> [Work task]:
If pictures appear among the lines below, leave them out while you return exactly the lines from the one with "Este diseño de" through the one with "Young woman and".

> [Data]:
■ ■ ■ ■

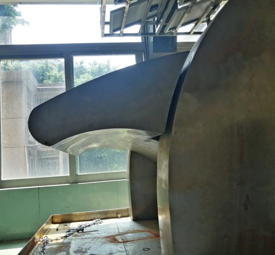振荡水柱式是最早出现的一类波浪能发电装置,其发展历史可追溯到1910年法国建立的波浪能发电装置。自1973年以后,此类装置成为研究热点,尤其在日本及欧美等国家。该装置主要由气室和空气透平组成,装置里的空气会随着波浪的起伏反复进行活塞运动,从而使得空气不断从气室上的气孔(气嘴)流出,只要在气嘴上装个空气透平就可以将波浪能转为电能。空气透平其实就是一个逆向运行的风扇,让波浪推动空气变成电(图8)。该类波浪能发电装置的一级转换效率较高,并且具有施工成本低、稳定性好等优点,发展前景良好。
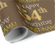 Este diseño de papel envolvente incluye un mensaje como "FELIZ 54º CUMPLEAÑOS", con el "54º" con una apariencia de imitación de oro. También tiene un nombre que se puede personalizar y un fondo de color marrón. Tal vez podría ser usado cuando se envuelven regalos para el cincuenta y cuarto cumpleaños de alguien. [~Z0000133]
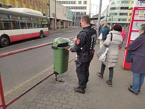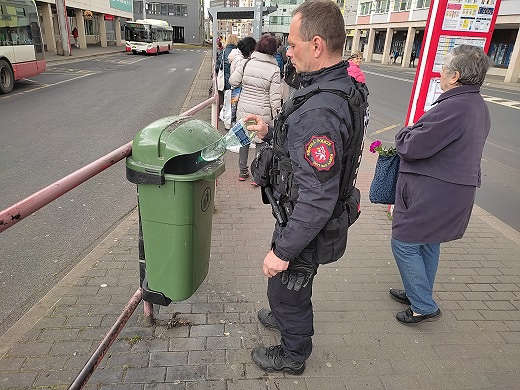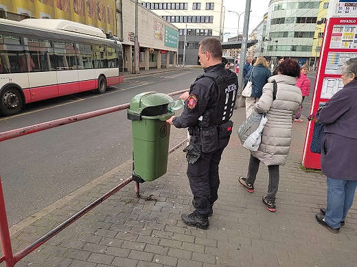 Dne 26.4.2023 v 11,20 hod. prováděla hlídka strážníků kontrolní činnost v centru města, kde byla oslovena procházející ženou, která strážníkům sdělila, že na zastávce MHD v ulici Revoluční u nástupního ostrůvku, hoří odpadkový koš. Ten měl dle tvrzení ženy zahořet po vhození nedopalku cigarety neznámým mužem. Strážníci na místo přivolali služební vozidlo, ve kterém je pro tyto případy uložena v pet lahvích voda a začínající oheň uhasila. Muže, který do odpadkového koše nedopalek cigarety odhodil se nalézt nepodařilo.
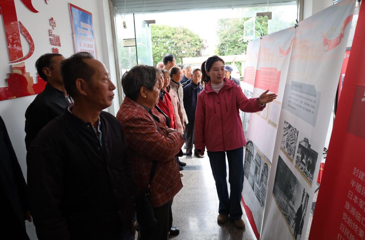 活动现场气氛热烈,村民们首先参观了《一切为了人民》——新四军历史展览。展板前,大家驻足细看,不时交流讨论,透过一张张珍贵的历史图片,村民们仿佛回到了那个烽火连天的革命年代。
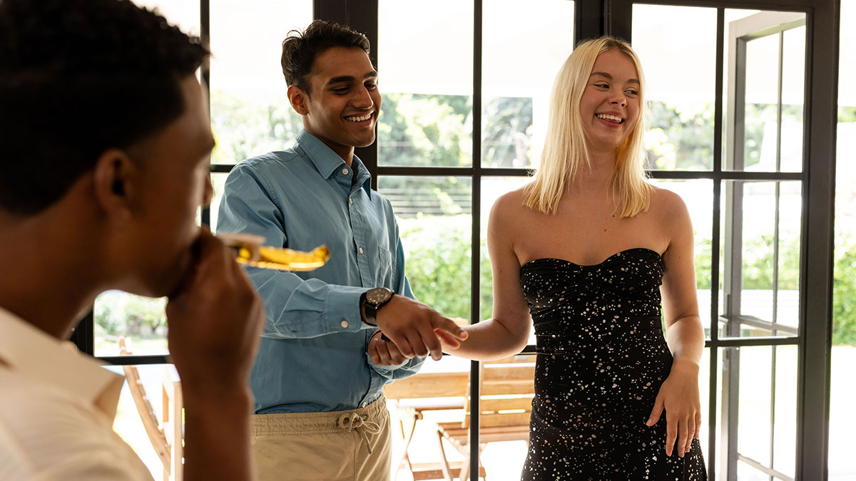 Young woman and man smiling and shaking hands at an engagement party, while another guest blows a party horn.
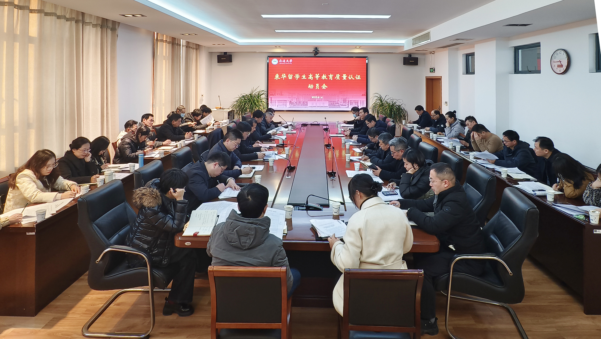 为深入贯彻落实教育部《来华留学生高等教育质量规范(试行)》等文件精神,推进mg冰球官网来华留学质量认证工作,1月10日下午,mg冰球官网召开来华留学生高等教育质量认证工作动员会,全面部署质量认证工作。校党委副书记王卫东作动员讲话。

■ ■ ■ ■

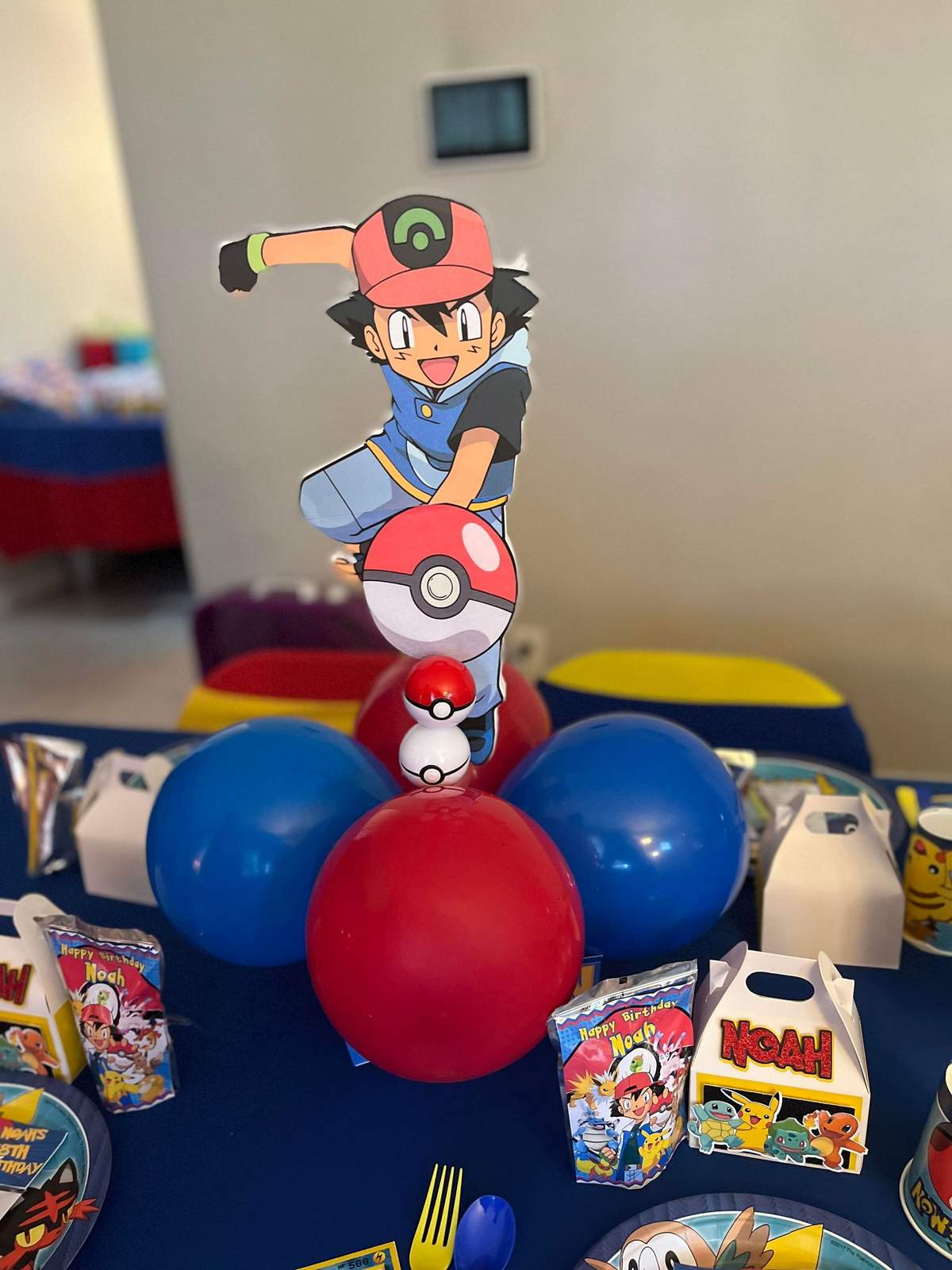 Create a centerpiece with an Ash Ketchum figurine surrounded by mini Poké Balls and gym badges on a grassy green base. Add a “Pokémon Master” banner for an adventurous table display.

■ ■ ■ ■

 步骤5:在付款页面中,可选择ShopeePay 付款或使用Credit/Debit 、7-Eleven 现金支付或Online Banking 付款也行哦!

■ ■ ■ ■

> [Written response]:
 Este diseño de papel envolvente incluye un mensaje como "FELIZ 54º CUMPLEAÑOS", con el "54º" con una apariencia de imitación de oro. También tiene un nombre que se puede personalizar y un fondo de color marrón. Tal vez podría ser usado cuando se envuelven regalos para el cincuenta y cuarto cumpleaños de alguien. [~Z0000133]
 Dne 26.4.2023 v 11,20 hod. prováděla hlídka strážníků kontrolní činnost v centru města, kde byla oslovena procházející ženou, která strážníkům sdělila, že na zastávce MHD v ulici Revoluční u nástupního ostrůvku, hoří odpadkový koš. Ten měl dle tvrzení ženy zahořet po vhození nedopalku cigarety neznámým mužem. Strážníci na místo přivolali služební vozidlo, ve kterém je pro tyto případy uložena v pet lahvích voda a začínající oheň uhasila. Muže, který do odpadkového koše nedopalek cigarety odhodil se nalézt nepodařilo.
 活动现场气氛热烈,村民们首先参观了《一切为了人民》——新四军历史展览。展板前,大家驻足细看,不时交流讨论,透过一张张珍贵的历史图片,村民们仿佛回到了那个烽火连天的革命年代。
 Young woman and man smiling and shaking hands at an engagement party, while another guest blows a party horn.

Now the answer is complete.